» What the task requires: Begin your copy at the line with "Hey, dieses F2" in the records below and end it at the line with "A schematic of", restating each line word for word; omit the pictures.

» Task inputs:
"""

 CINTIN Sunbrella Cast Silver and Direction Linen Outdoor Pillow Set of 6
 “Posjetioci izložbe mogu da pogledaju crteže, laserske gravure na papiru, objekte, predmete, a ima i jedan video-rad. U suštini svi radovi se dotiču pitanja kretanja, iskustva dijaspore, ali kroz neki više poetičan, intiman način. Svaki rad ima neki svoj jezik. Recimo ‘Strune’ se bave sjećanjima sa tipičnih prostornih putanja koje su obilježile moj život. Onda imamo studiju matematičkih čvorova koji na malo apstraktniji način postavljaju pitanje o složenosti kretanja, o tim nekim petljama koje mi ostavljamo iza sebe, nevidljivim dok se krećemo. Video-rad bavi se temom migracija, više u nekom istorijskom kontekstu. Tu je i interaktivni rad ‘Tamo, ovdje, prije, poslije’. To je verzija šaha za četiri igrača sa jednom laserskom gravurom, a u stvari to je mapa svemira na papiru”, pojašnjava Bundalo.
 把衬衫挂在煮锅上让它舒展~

"""
"""

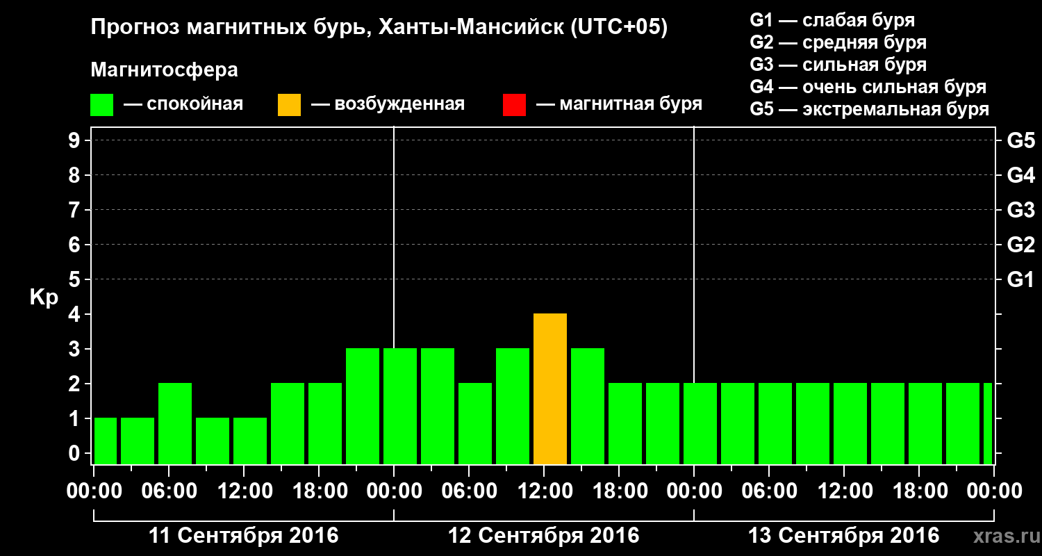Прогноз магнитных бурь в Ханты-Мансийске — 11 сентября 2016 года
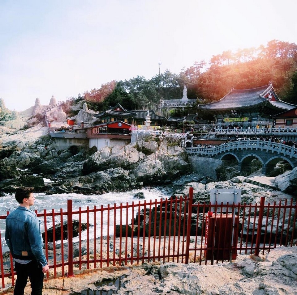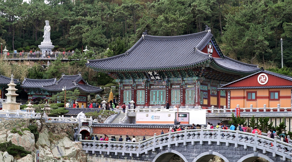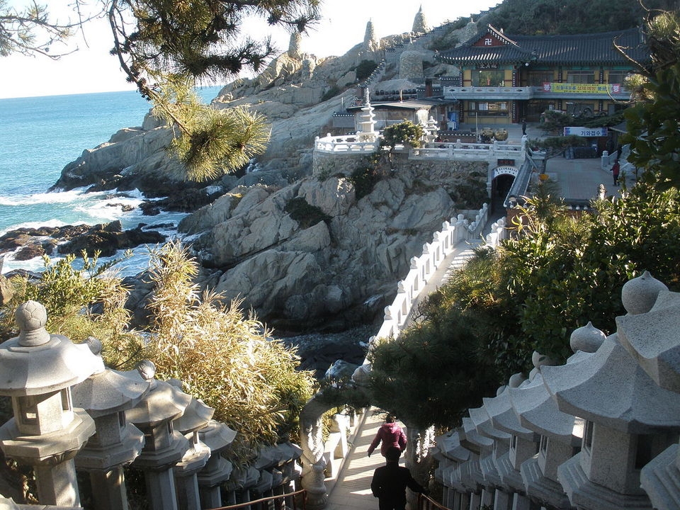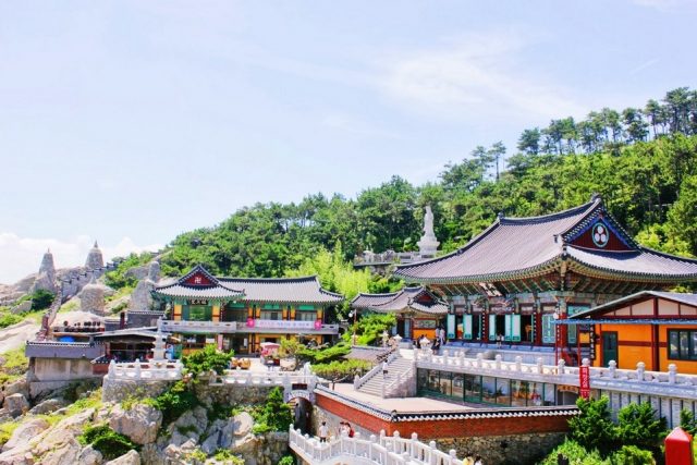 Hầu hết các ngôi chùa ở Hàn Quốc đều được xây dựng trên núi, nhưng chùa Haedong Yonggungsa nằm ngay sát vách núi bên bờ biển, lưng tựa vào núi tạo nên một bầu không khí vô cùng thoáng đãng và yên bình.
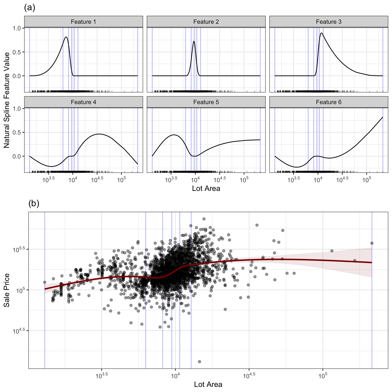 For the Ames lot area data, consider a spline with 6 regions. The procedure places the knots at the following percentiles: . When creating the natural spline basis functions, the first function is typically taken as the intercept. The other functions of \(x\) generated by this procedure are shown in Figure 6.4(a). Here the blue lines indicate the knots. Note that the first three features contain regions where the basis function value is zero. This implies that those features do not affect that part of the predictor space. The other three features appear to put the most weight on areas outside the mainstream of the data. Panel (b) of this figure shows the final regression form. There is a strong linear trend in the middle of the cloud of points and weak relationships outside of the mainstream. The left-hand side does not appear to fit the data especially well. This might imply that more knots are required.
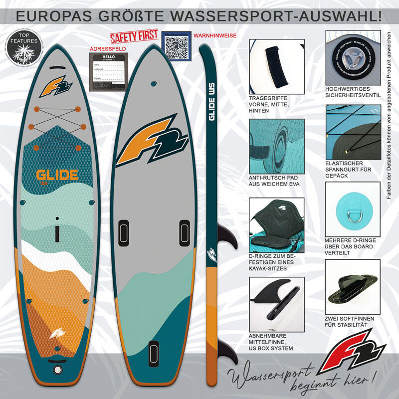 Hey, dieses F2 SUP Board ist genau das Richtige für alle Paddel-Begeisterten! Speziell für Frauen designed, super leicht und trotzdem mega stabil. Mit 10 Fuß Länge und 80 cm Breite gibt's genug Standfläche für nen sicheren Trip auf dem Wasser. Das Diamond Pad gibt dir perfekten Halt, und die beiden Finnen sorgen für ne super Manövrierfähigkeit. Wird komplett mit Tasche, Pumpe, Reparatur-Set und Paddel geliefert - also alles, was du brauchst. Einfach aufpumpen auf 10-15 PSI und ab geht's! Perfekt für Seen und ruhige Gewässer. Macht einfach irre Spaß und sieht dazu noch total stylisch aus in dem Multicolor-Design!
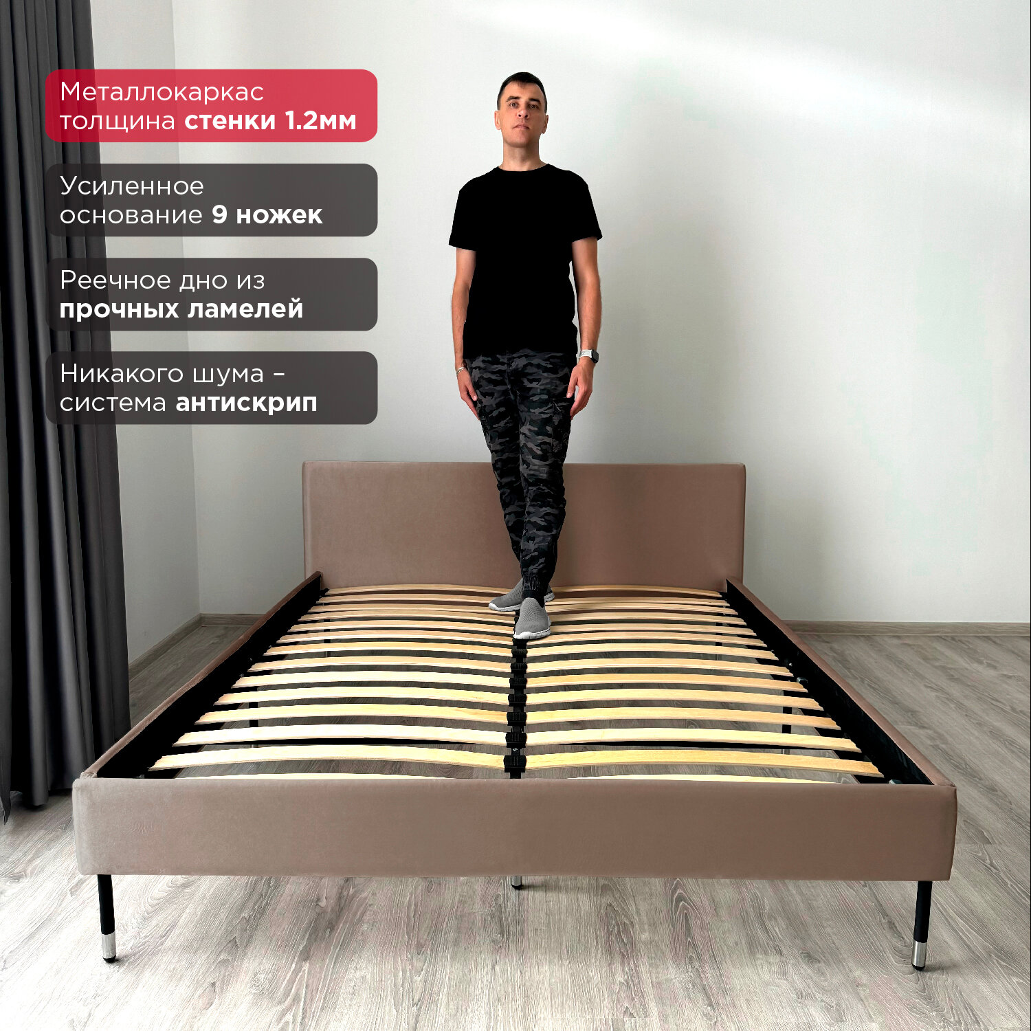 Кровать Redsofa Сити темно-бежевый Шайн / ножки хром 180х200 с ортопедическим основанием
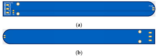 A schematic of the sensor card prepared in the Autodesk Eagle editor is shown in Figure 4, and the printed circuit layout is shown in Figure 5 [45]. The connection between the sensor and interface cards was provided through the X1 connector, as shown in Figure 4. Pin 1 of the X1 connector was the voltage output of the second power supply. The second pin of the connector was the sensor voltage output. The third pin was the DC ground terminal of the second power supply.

"""
"""

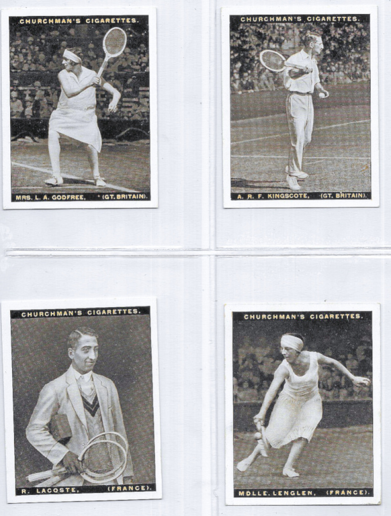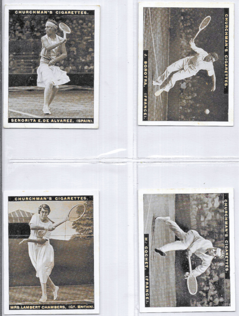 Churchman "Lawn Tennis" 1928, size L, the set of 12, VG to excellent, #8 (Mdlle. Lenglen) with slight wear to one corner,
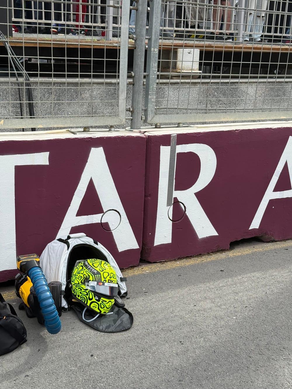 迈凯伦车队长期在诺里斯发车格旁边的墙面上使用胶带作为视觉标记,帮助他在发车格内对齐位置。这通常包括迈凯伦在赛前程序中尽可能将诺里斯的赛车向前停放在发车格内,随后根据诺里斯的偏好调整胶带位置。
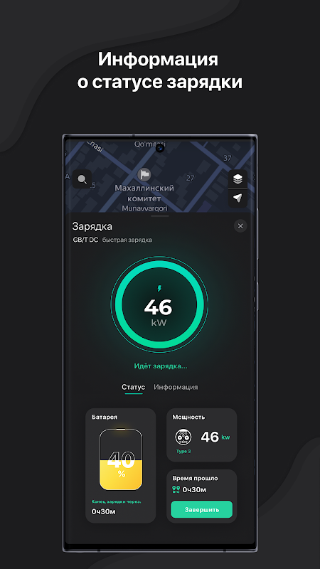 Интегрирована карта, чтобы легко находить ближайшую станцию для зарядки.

"""

» Solution to this exercise:
 Hey, dieses F2 SUP Board ist genau das Richtige für alle Paddel-Begeisterten! Speziell für Frauen designed, super leicht und trotzdem mega stabil. Mit 10 Fuß Länge und 80 cm Breite gibt's genug Standfläche für nen sicheren Trip auf dem Wasser. Das Diamond Pad gibt dir perfekten Halt, und die beiden Finnen sorgen für ne super Manövrierfähigkeit. Wird komplett mit Tasche, Pumpe, Reparatur-Set und Paddel geliefert - also alles, was du brauchst. Einfach aufpumpen auf 10-15 PSI und ab geht's! Perfekt für Seen und ruhige Gewässer. Macht einfach irre Spaß und sieht dazu noch total stylisch aus in dem Multicolor-Design!
 Кровать Redsofa Сити темно-бежевый Шайн / ножки хром 180х200 с ортопедическим основанием
 A schematic of the sensor card prepared in the Autodesk Eagle editor is shown in Figure 4, and the printed circuit layout is shown in Figure 5 [45]. The connection between the sensor and interface cards was provided through the X1 connector, as shown in Figure 4. Pin 1 of the X1 connector was the voltage output of the second power supply. The second pin of the connector was the sensor voltage output. The third pin was the DC ground terminal of the second power supply.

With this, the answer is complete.